I'll split 'collapsed' out into a separate patch: I'd suggest following the same convention as the other exceptionless functions: overload 'collapsed' with one exceptionless and one exceptionful method, and adjust the current callsites to explicitly use ASSERT_NO_EXCEPTION.
Comment 10 Mike West 2013-02-05 00:42:23 PST
Created attachment 186565 [details]
Patch
Comment 11 Mike West 2013-02-05 01:22:10 PST
(In reply to comment #10)
> Created an attachment (id=186565) [details]
> Patch

Extracted collapsed into https://bugs.webkit.org/show_bug.cgi?id=108921.
Comment 12 WebKit Review Bot 2013-02-05 01:22:49 PST
Comment on attachment 186565 [details]
Patch

Rejecting attachment 186565 [details] from commit-queue.

Failed to run "['/mnt/git/webkit-commit-queue/Tools/Scripts/webkit-patch', '--status-host=queues.webkit.org', '--bot-id=gce-cq-04', 'land-attachment', '--force-clean', '--non-interactive', '--parent-command=commit-queue', 186565, '--port=chromium-xvfb']" exit_code: 2 cwd: /mnt/git/webkit-commit-queue

Last 500 characters of output:
ebkit-commit-queue/Source/WebKit/chromium/testing/gtest --revision 629 --non-interactive --force --accept theirs-conflict --ignore-externals' in '/mnt/git/webkit-commit-queue/Source/WebKit/chromium'
24>At revision 629.

________ running '/usr/bin/python tools/clang/scripts/update.py --mac-only' in '/mnt/git/webkit-commit-queue/Source/WebKit/chromium'

________ running '/usr/bin/python gyp_webkit' in '/mnt/git/webkit-commit-queue/Source/WebKit/chromium'
Updating webkit projects from gyp files...

Full output: http://queues.webkit.org/results/16371660
Comment 13 Mike West 2013-02-05 01:26:26 PST
Created attachment 186572 [details]
Patch
Comment 14 Mike West 2013-02-05 01:30:45 PST
Comment on attachment 186572 [details]
Patch

Ugh.
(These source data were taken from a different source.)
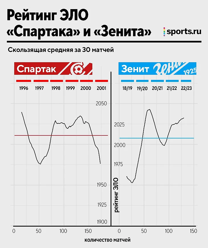«Спартак» посыпался на закате своей эпохи, но если брать шесть лет, то средний рейтинг Эло у доминатора конца 90-х выше, чем у современного «Зенита». Хотя моментами петербуржцы взлетали выше.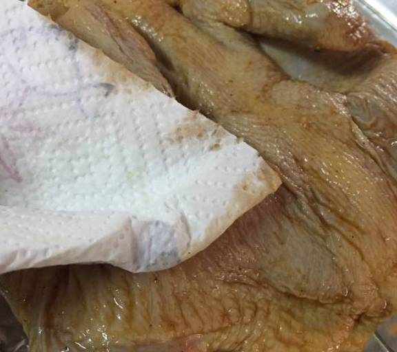 第7步、用廚房專用紙巾吸幹雞身上的醬汁。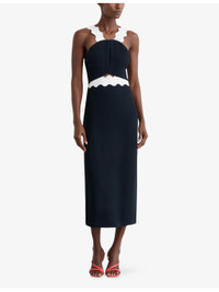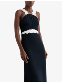 PRODUCT DETAILS - Reiss woven midi dress - 100% viscose - Zip fastening - Slim fit, wide wavy shoulder straps, contrast waistband - Dry clean - True to size - Model is 5ft 9in/1.75m and wears a size UK 8 - Lightweight, slight stretch Ref: R04532080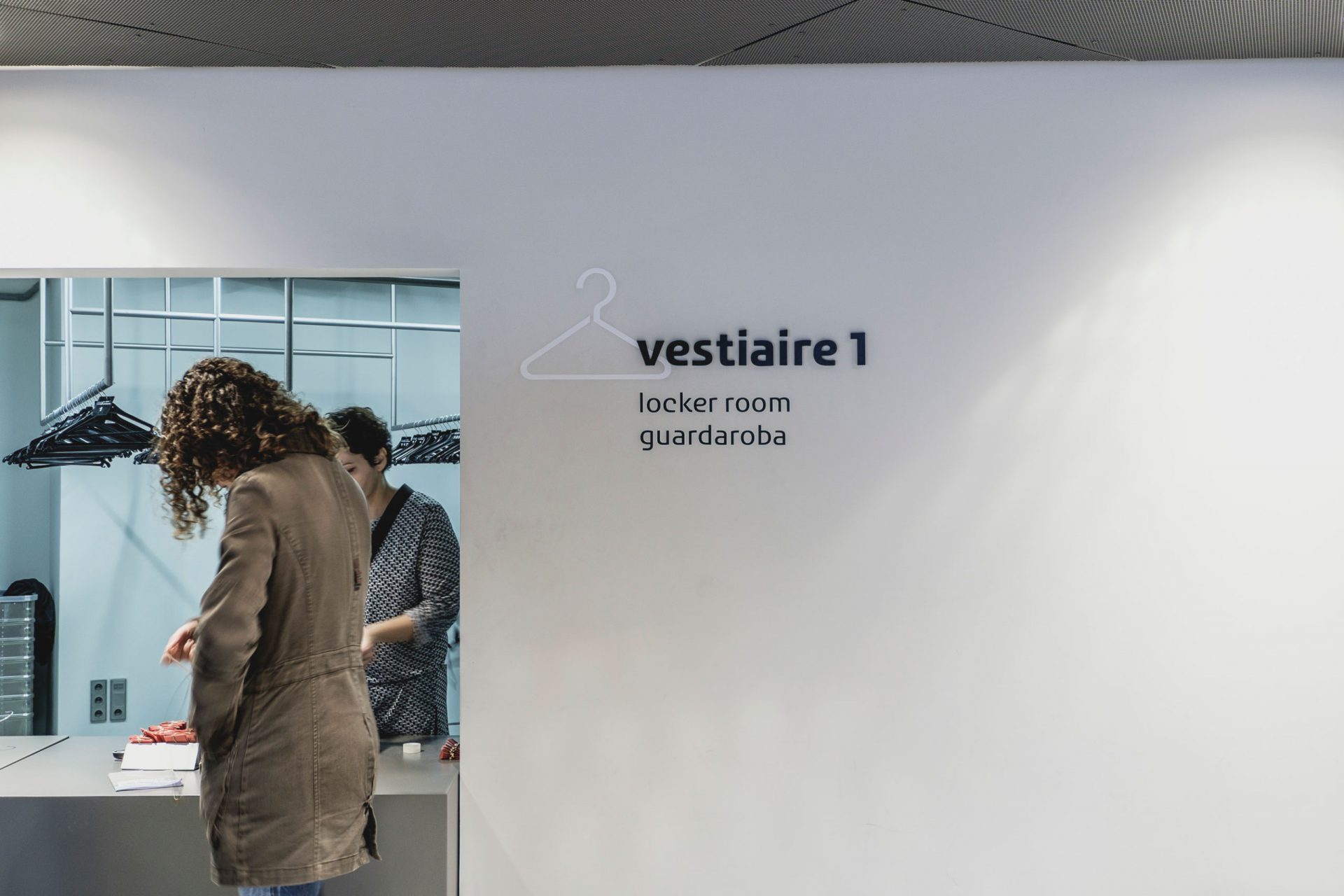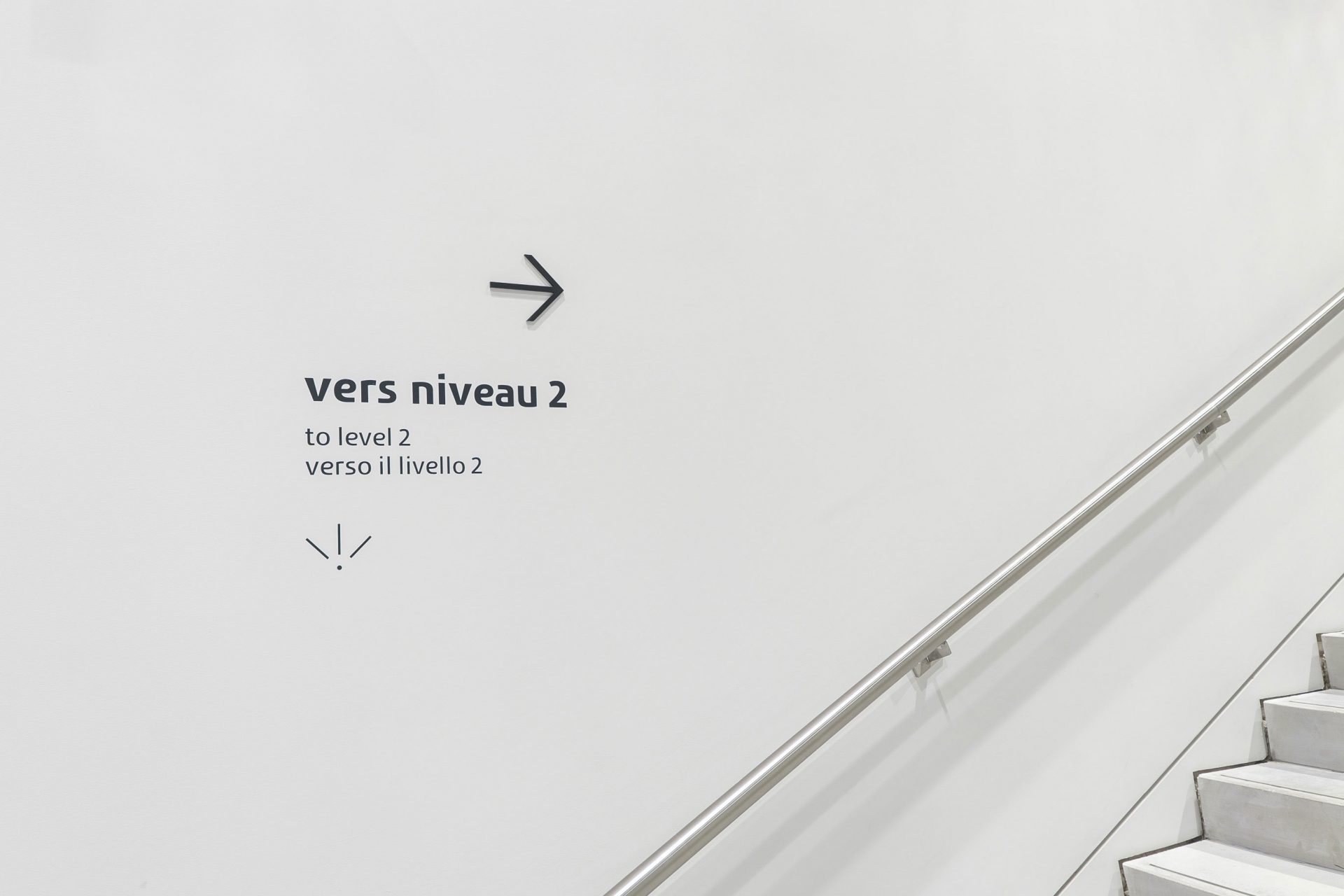 针对汇合博物馆结构主义的建筑外观,cl设计公司在户外设置了简约的金属标牌,室内的立式标牌直接与地面融合,将标牌与空间融为一体。中央楼梯底部巨大的面板设置了羽毛图腾,用于向行动不便的人指示他们专用的路线,整套导视系统简明轻快。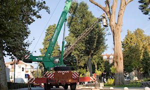 15.9.2010. - Za razliku od ostalih stabala stogodišnji brijest u gradskom parku nije se oporavio nakon što su mu bile potkresane grane. Nakon godinu i pol stablo se osušilo pa su ga danas djelatnici JVP Metković ispilili uz pomoć velike građevinske dizalice. Na njegovu mjestu posadit će se novo stablo.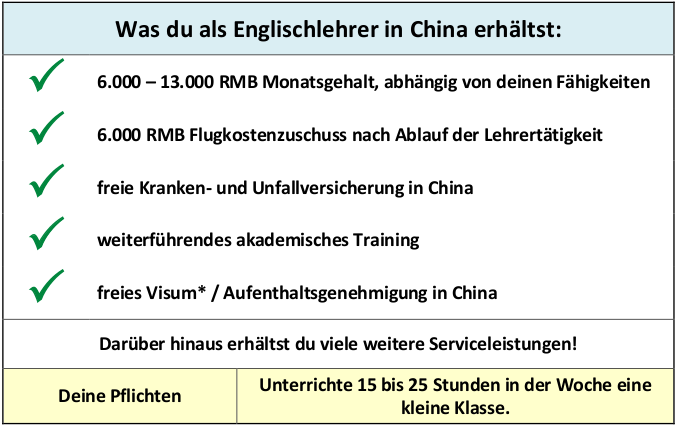 Die unten aufgeführten Leistungen beziehen sich auf die meisten Lehrerstellen in China. Abhängig von der Schule, an der du unterrichtest, kann es sein, dass dir zusätzliche Leistungen oder höhere Gehälter geboten werden.
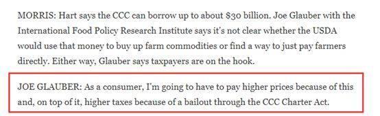 比如,一位美國(guó)愛(ài)荷華州立大學(xué)的學(xué)者就表示,單純?cè)黾愚r(nóng)業(yè)補(bǔ)貼根本無(wú)法在貿(mào)易戰(zhàn)這樣的沖突中保護(hù)農(nóng)民的權(quán)益。而另一位美國(guó)食品領(lǐng)域的學(xué)者則表示,即便特朗普政府會(huì)出面直接收購(gòu)農(nóng)民的產(chǎn)品,這些收購(gòu)的錢款還不是得從消費(fèi)者——即納稅人——的口袋里出?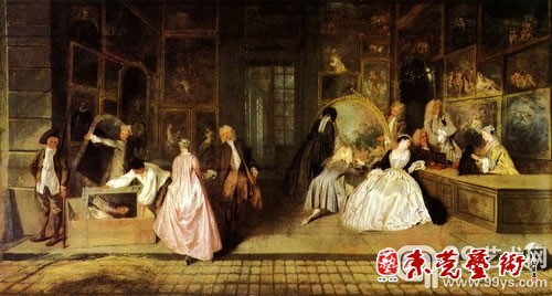 事实上,华托的代表作《热尔森画店》足以证明,他已经超越了鲁本斯等前辈大师。人们从华托非凡的技巧中看到法国绘画艺术的新方向——画面中人物形体之间的节奏与韵律,光与色之间的微妙变化,都为法国乃至欧洲的画家开辟了一条宽阔的新路。在他的画中,不同阶层的巴黎人都能在画中看到自己,看到他们的生活与时代。“他的‘雅集’成为人们对城市生活的一种梦想和顶礼膜拜,其画面笼罩着的人生和爱情虚幻而脆弱的气氛,令人感到惆怅。”希尔顿认为,华托作为洛可可风格的杰出代表,被后世的画家们竞相效仿,但始终无人能模仿他华丽笔触背后的忧郁精神世界。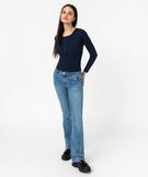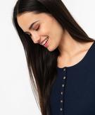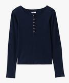Tee-shirt manches longues col tunisien en maille côtelée femme navy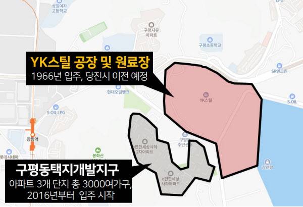 하지만 2014년 LH가 요청한 구평동택지개발지구 변경 계획을 부산시가 승인하면서 아파트 개발은 예정대로 진행됐다. 현재 YK스틸 공장 반경 약 700m 안에 ‘사하e편한세상’, ‘사하구평지구 중흥S클래스’ 등 아파트 6개 단지, 총 3700여가구가 입주해있는 상황이다.
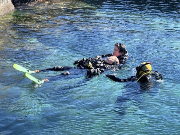 ▲そして、プロダイバーの潜水隊の横で、スタッフ聖斗と真由美はSさんのPADIレスキューダイバーコースの海洋実習!楽しいダイビング中にトラブルや事故がないように、予防法をしっかり学ぶのが、このレスキューダイバーコースです。そして、万が一があっても自分の安全を確保しながらサポートや救助が出来るようにレベルアップします。潜水隊の面々も、水面で人工呼吸法を始め、救助の様々な方法に興味津々でした。笑各々、しっかりトレーニングを終えて、Sさんも無事にPADIレスキューダイバーに認定です\(^o^)/おめでとう御座います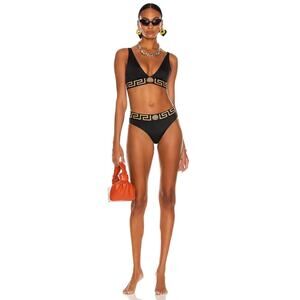 Featuring a mid-rise waist, contrast elastic waistband with logo detail, and a sleek stretch fit. Pull-on style. Smooth, quick-drying fabric for comfort and flexibility. Material: Self: 78% Polyamide, 22% Nylon. Contrast Fabric: 82% Polyester, 9% Elastane, 9% Polyamide. Made in Italy. Hand wash. Fits true to size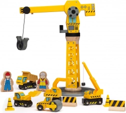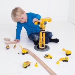 Set odlično dopolni otroške sobe in lesene vlakovne proge – je združljiv s priljubljenimi sistemi. Otroci lahko nakladajo in razkladajo tovor, vozijo buldožer, kiparja ali valjar, urejajo promet s stožci in zaporami ter ustvarjajo lastne zgodbe z gradbišča.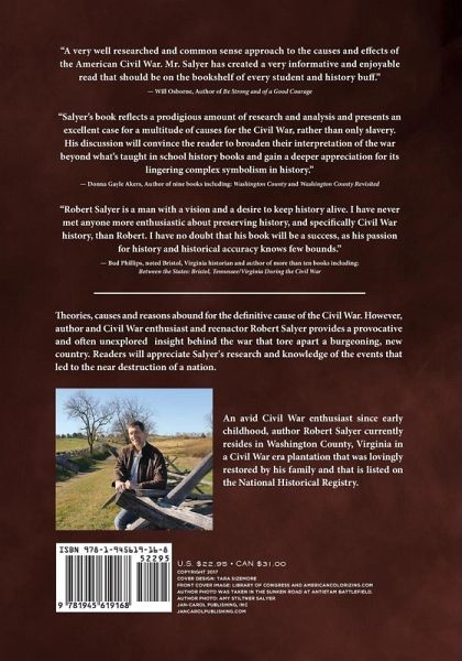 The author represents a very well researched and common sense approach to the causes and effects of the American Civil War. Mr. Salyer has created a very informative and enjoyable read that should be on the bookshelf of every student and history buff.Theories, causes and reasons abound for the definitive cause of the Civil War. However, author and Civil War enthusiast and reenactor, Robert Salyer provides a provocative and often unexplored insight behind the war that tore apart a burgeoning, new country. Readers will appreciate Salyer's research and knowledge of the events that led to the near destruction of a nation.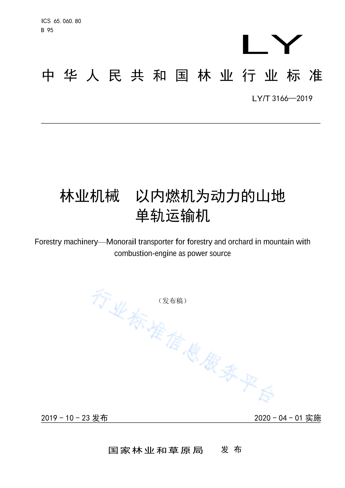 LY/T 3166-2019 林业机械 以内燃机为动力的山地单轨运输机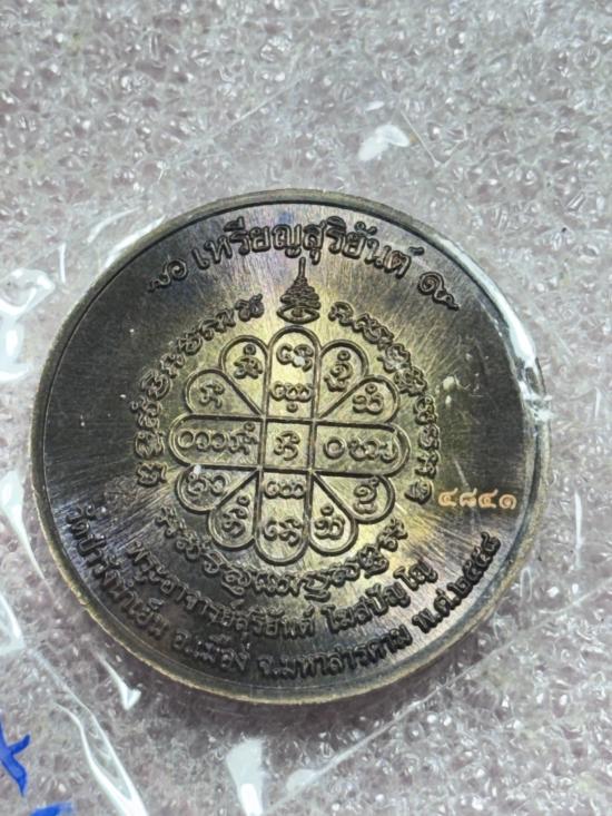 -เริ่ม 120 บาท-เหรียญรุ่นสุริยันต์ ปี2558 พระอาจารย์สุริยันต์ โฆสปัญโญ วัดป่าวังน้ำเย็น เนื้อสัตตะโลหะ จำนวนสร้าง 5,999 เหรียญ หมายเลข 4841
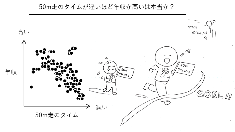 例えば、年収と50m走のタイムは正の相関があると言われています。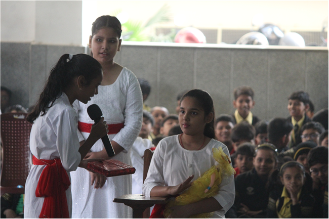 Nukkad natak competition was presented by the students of Std 5 on 29th of November, various issues were show cased like Child labour, Safety on road, Girl child and their education and Addiction of mobile phones. The main aim to choose these topics are to provide the insight to the children that what is going on in the society and also how to deal with them. Children presented their part with full confidence and energy. Winner of the competition was Std 5 A who presented the issue Girl child and their education.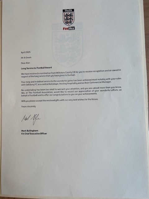 To mark 50 years in football Alan was recently a given an award and certificate from Wilts FA at the Wiltshire Premier Shield final on 29 April. Salisbury FC would like to add our congratulations to Alan on this remarkable achievement and is looking forward to many years to come of him supporting Salisbury FC in whatever capacity Alan takes on next!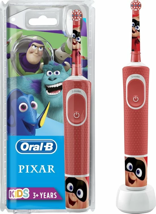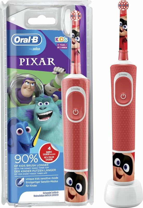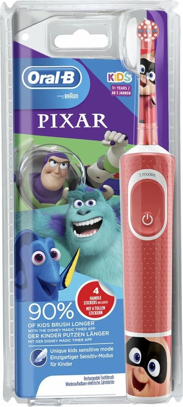 Met de Oral-B Kids elektrische tandenborstel voor kinderen vanaf 3 jaar kunnen kinderen plezier beleven aan Disney Best of Pixar ?n genieten van de milde, effectieve reiniging van een door tandartsen aanbevolen tandenborstel van Oral-B. Met een unieke, kindvriendelijke gevoelige modus reinigt deze borstel de tanden van kinderen voorzichtig. Hij verwijdert meer tandplak dan een gewone manuele tandenborstel. Er zitten vier leuke Disney Best of Pixar-stickers bij om het handvat mooier te maken..

Not my morning... screwed up this patch as well. :/
Comment 15 Mike West 2013-02-05 01:31:44 PST
Created attachment 186575 [details]
Patch for landing
Comment 16 WebKit Review Bot 2013-02-05 02:15:26 PST
Comment on attachment 186575 [details]
Patch for landing

Clearing flags on attachment: 186575

Committed r141877: <http://trac.webkit.org/changeset/141877>
Comment 17 WebKit Review Bot 2013-02-05 02:15:31 PST
All reviewed patches have been landed.  Closing bug.